2. How often do havanese needs a walk out. I live in north east so in winter it is pretty cold. Just wondering how many times people take their havanese out for walks.

3. How often does havanese poop? Just wondering how often I should schedule going out . Also do any of you train them to poop indoors? Is that possible for times when taking them out might not be an option perhaps because of weather.

4. Lastly I own 2 small/medium birds. They will always be supervised but have anyone had any problems with their havanese and smaller animals especially birds? I hear they are good with other animal/pets.

5. How much exercise do your havanese get a day? And is it possible to exercise them indoors? If so how long and how do you provide the exercise. I assume by playing with them indoors should be good?
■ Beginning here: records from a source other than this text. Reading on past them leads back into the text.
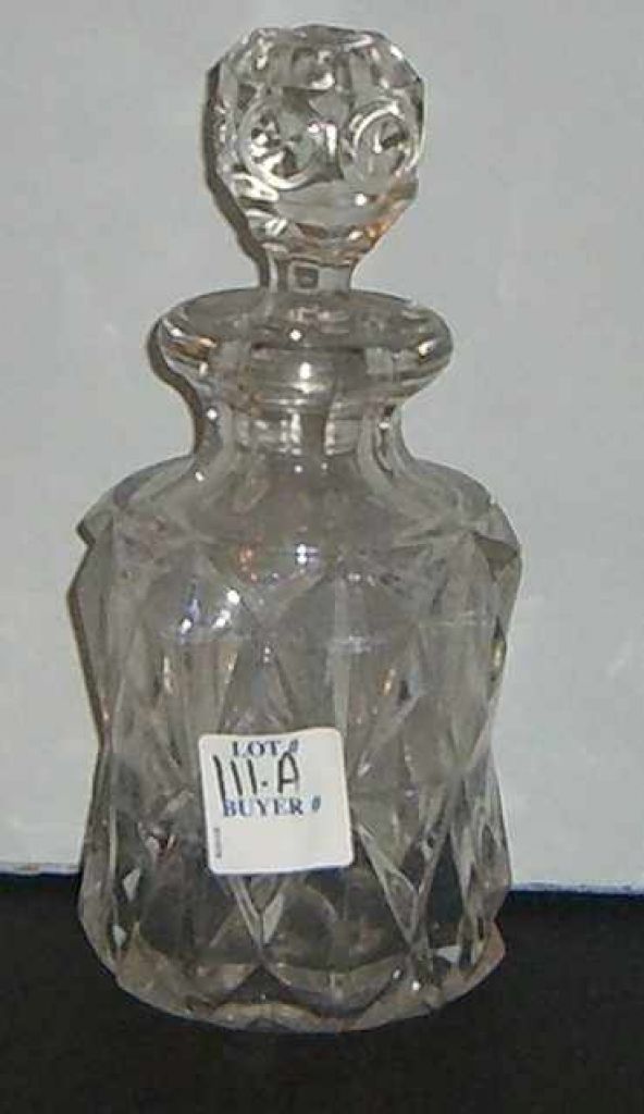 Clear perfume bottle with diamond shapes - 3" round by 7" tall Clear perfume bottle with diamond shapes - 3" round by 7" tall
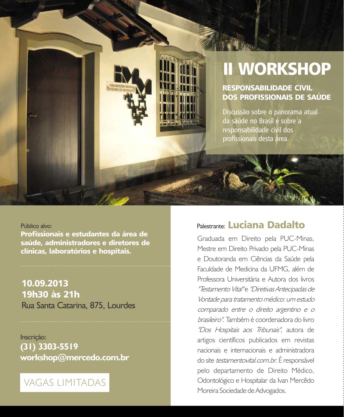 Hoje, às 19h30, o escritório Ivan Mercêdo Moreira Sociedade de Advogados realiza o segundo workshop sobre "Responsabilidade Civil dos profissionais de saúde", ministrado pela advogada Luciana Dadalto. (Clique aqui)
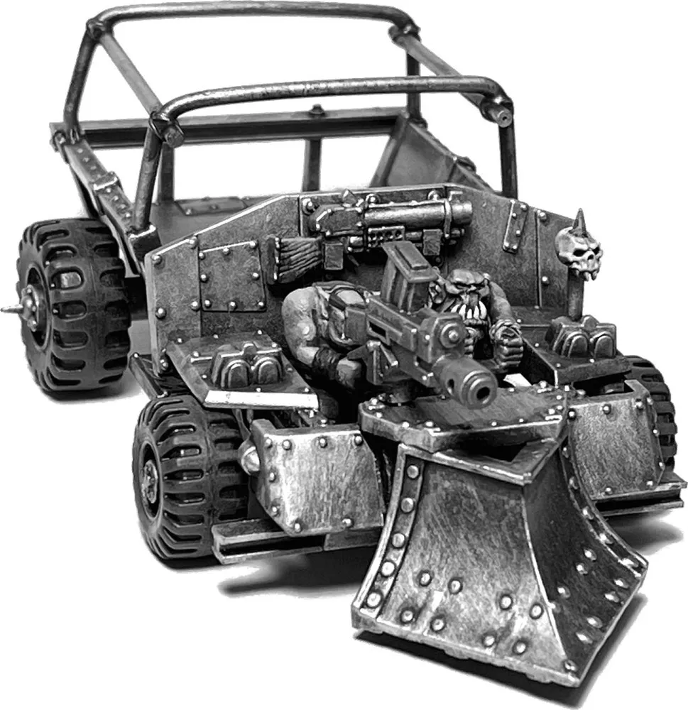 Mobs tend to have their forts, mines, hideouts etc. in isolated areas, in regions where the scrap has not yet been dug out and often well away from Mektown. While this means that they are generally able to find good quantities of scrap, it also means they have huge tracts of hostile land to haul their goods across before they can sell it. Less industrious mobs may decide it is easier to jump the convoy than dig for their own scrap, or raiders may also lay in wait with less financial motives at heart. This scenario starts with one such mob springing an ambush on a column of vehicles, charging in to grab what they can before the defenders can organise a defence or put the pedal to the metal!
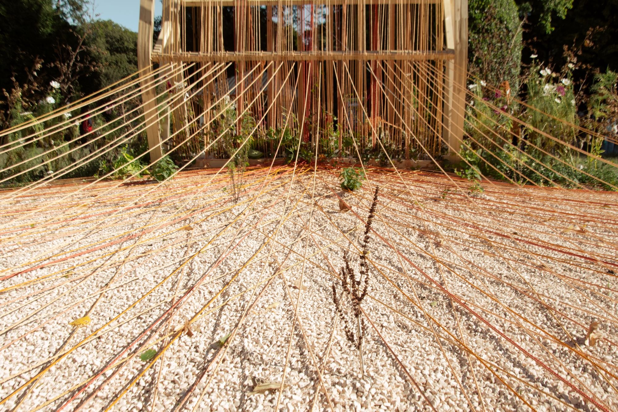 Fra i fili si intrecciano piante spontanee e ecologie secondarie come bardana, ortica, amaranto ed erba formaggio, specie spesso considerate erbacce ma portatrici di una forza autonoma e di una memoria ecologica. La bardana, in particolare, è stata scelta per il suo potere adesivo: la sua struttura naturale ha ispirato l’invenzione del velcro, un esempio straordinario di intelligenza biomimetica. Qui diventa elemento interattivo: i suoi capolini secchi, aderendo ai fili e ai visitatori, spargono semi e attivano un gesto di disseminazione naturale, trasformando l’opera in un organismo vivo e mutevole nel tempo. In questo senso, Understory riflette anche sul rapporto tra intelligenza naturale e artificiale. L’intelligenza vegetale, silenziosa, adattiva e cooperativa, offre un modello alternativo a quello algoritmico, suggerendo forme di apprendimento distribuito e non gerarchico.
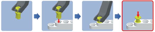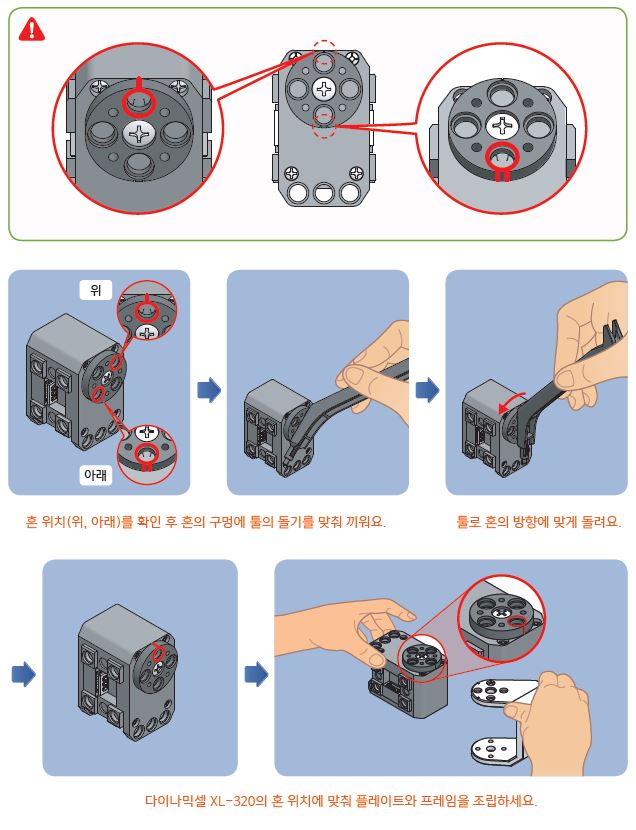 다이나믹셀 XL-320에 프레임을 결합할 때에는 조립서에 표시된 혼의 위,아래 표시를 확인하고 결합합니다.

As you might tel, I am going to be a first time dog owner so trying to understand everything as much as possible. I introduced myself already but I figured these questions are more appropriate in this section instead.


----------



## Pucks104 (Aug 16, 2012)

Welcome and cuffs for taking time to research rather than discover after acquiring a dog that the breed chosen isn't a good fit. 
A dog is very much a creature of habit. They do best with a predictable routine. The specific by the clock time you choose to walk, feed, sleep isn't as important as a predictable routine. That said nature generally seems to have animals more active in the early morning and evening with a good dose of snoozing in the afternoon. As your dog lives with you he/she will over time adjust more to your schedule. However, mine don't recognize weekends, holidays or vacations so we get up on those days the same as our week days. 
Puppies poop ALOT (6-8 times a day to start) for the first few months and this typically settles down to once or twice a day when they are grown. 
Havanese can definitely be trained to a dog litter box or potty tray with pee pads. I use a UGODOG potty tray for our Rex while our Leo is exclusively outdoor trained. Rex prefers the outdoors except when it's wet. At 15 months he almost never pees on the potty tray and will reluctantly go pee outside in the rain but he will poop on it if the ground is wet. 
I think it would be important to find a breeder that starts the litter training or potty tray training early and is really good at getting the pups using that indoor potty method before allowing the puppies to go to their new homes. Then once you get your new puppy home it will be extremely important to be vigilant in supervising the pup so that the good potty habits begun by the breeder are maintained. 
Puppies are incredibly cute but I can't emphasize enough the amount of work it takes to grow that puppy into a well socialized, well mannered animal that is a pleasure to live with. Puppies when young need exposure to friendly people of all shapes and sizes. They need to interact with gentle well mannered dogs. Initially a puppy will sleep a lot and seem quite easy but around 5 months or so adolescent arrives and for the next several months pups seem to have an extreme need for exercise and mental stimulation. Then as they are 2-3 years old they really began to settle into lovely companions as long as their owner has put in the work to hoysetrain, socialize and teach what is expected. 
Have you ever considered working with Havanese Rescue to adopt an older dog maybe even a senior. You could talk through your situation and wait for a match of a dog that would fit well with your lifestyle.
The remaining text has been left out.